§ **The task**:
No pictures go into the copy. Write out exactly the lines below from the one containing "Wholesales Hot Sale" through the one containing "4、添加操作完成后,在高度刻".

§ **Data supplied**:

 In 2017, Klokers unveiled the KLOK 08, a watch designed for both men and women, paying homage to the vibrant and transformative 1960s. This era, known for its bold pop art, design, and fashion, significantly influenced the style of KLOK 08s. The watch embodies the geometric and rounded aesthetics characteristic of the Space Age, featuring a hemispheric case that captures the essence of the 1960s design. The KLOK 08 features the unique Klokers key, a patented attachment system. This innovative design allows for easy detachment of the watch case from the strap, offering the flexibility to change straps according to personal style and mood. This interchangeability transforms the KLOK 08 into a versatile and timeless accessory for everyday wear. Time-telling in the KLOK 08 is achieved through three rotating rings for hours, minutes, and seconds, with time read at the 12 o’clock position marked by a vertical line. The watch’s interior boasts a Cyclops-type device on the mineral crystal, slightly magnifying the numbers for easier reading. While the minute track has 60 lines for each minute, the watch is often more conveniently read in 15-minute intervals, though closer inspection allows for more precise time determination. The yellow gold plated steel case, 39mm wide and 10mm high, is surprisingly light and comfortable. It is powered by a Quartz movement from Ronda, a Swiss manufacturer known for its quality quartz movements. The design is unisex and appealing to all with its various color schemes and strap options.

* * *

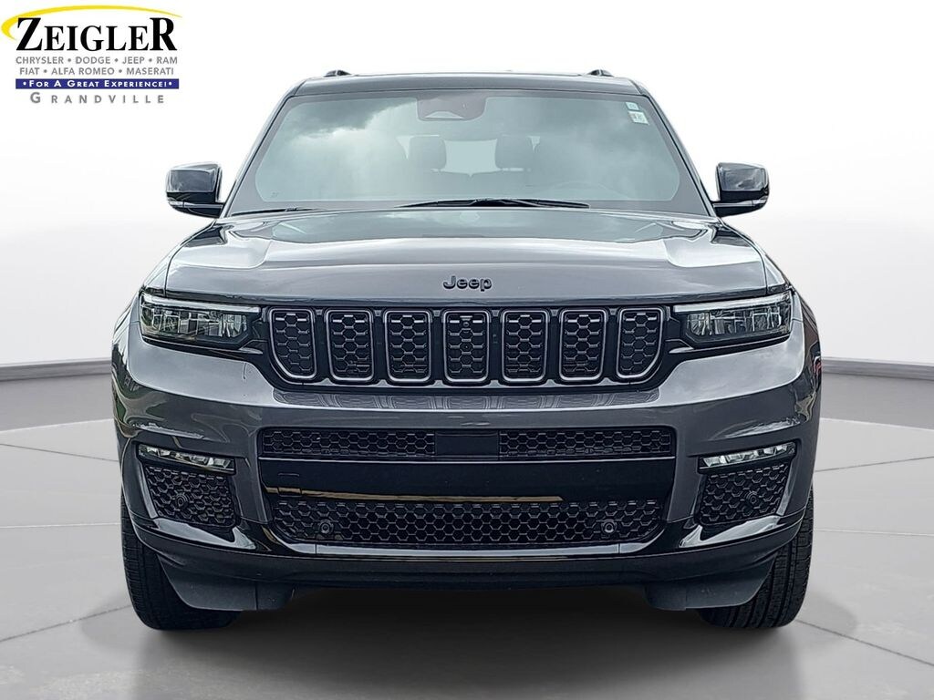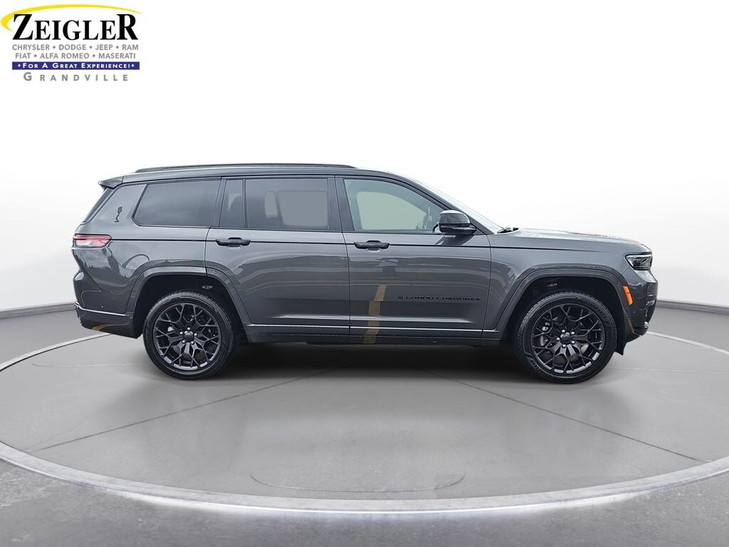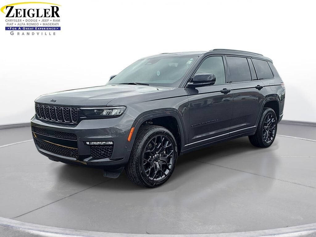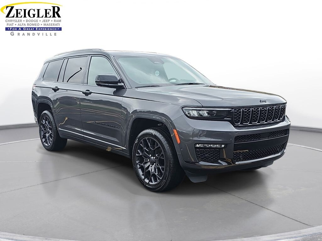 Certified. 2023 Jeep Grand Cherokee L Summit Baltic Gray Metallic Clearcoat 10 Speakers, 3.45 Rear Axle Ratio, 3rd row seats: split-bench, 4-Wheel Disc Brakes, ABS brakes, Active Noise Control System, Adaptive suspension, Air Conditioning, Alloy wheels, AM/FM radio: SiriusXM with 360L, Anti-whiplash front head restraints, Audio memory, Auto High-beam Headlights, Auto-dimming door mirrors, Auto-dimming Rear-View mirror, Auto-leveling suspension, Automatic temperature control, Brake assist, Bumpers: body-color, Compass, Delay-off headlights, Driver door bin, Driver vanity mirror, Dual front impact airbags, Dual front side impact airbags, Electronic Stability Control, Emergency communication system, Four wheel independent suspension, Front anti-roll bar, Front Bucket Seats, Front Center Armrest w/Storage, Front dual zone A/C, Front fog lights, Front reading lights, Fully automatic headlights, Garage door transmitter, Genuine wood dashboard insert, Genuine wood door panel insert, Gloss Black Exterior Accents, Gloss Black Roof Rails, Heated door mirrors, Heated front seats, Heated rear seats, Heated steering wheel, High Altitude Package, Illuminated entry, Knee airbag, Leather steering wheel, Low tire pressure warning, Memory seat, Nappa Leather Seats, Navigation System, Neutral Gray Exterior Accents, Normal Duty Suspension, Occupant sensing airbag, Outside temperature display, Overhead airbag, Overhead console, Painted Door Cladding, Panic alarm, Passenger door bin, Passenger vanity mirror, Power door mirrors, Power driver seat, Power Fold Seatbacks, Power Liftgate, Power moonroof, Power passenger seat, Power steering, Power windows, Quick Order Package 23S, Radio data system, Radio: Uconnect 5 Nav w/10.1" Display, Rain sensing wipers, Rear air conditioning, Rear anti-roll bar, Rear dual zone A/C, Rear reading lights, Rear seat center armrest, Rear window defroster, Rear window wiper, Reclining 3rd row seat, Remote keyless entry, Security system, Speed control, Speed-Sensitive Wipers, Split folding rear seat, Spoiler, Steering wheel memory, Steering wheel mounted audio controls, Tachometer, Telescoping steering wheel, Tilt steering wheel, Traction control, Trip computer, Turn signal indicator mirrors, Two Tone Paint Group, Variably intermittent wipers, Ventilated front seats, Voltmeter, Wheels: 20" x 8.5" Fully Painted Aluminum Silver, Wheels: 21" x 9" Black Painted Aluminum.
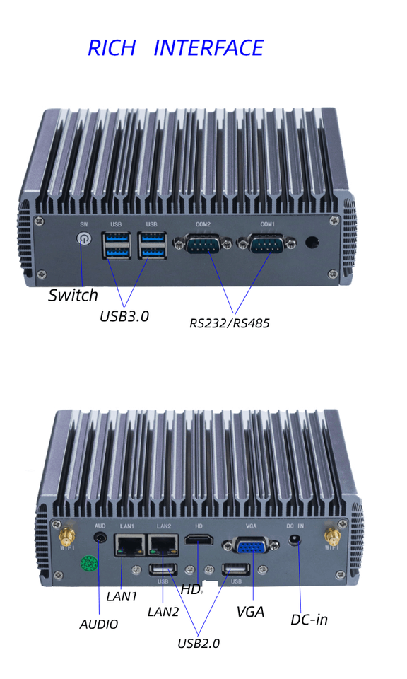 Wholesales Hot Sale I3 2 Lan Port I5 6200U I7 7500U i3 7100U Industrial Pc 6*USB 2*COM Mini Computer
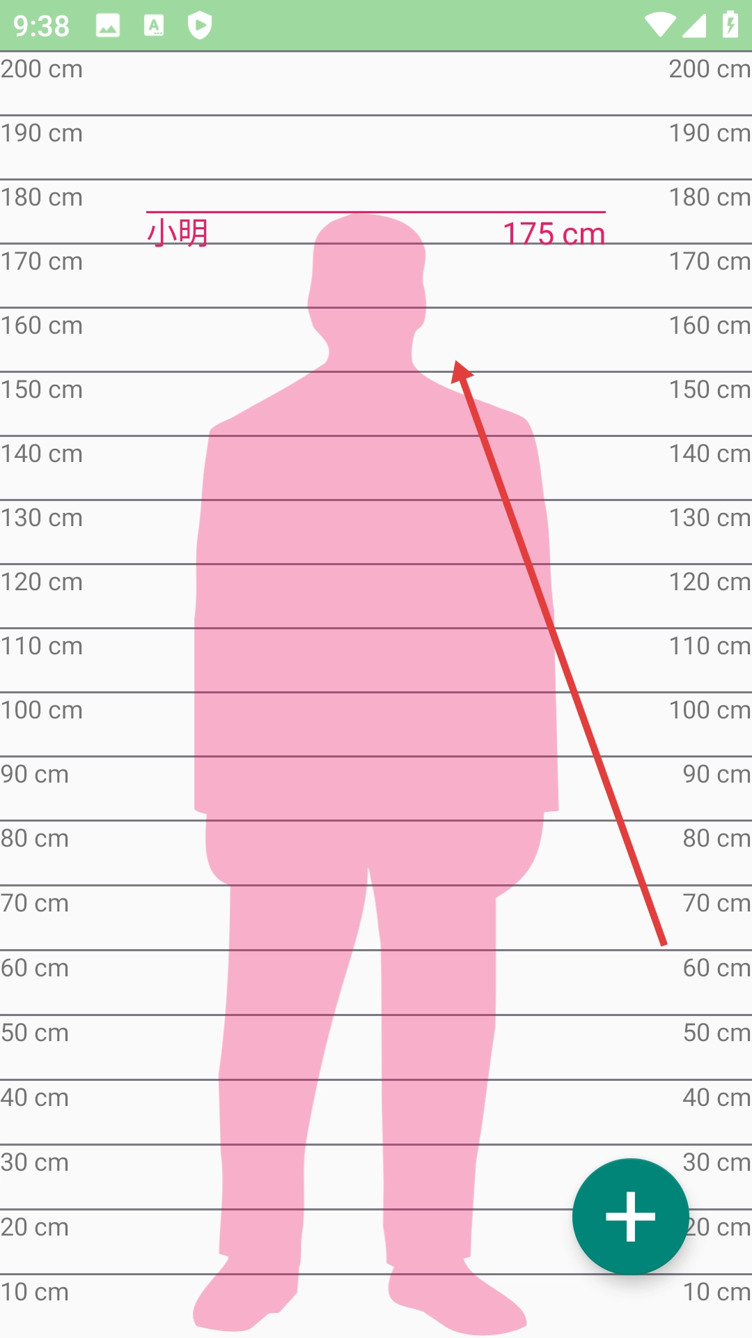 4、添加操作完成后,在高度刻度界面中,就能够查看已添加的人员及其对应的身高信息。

§ **Solved problem**:
 Wholesales Hot Sale I3 2 Lan Port I5 6200U I7 7500U i3 7100U Industrial Pc 6*USB 2*COM Mini Computer
 4、添加操作完成后,在高度刻度界面中,就能够查看已添加的人员及其对应的身高信息。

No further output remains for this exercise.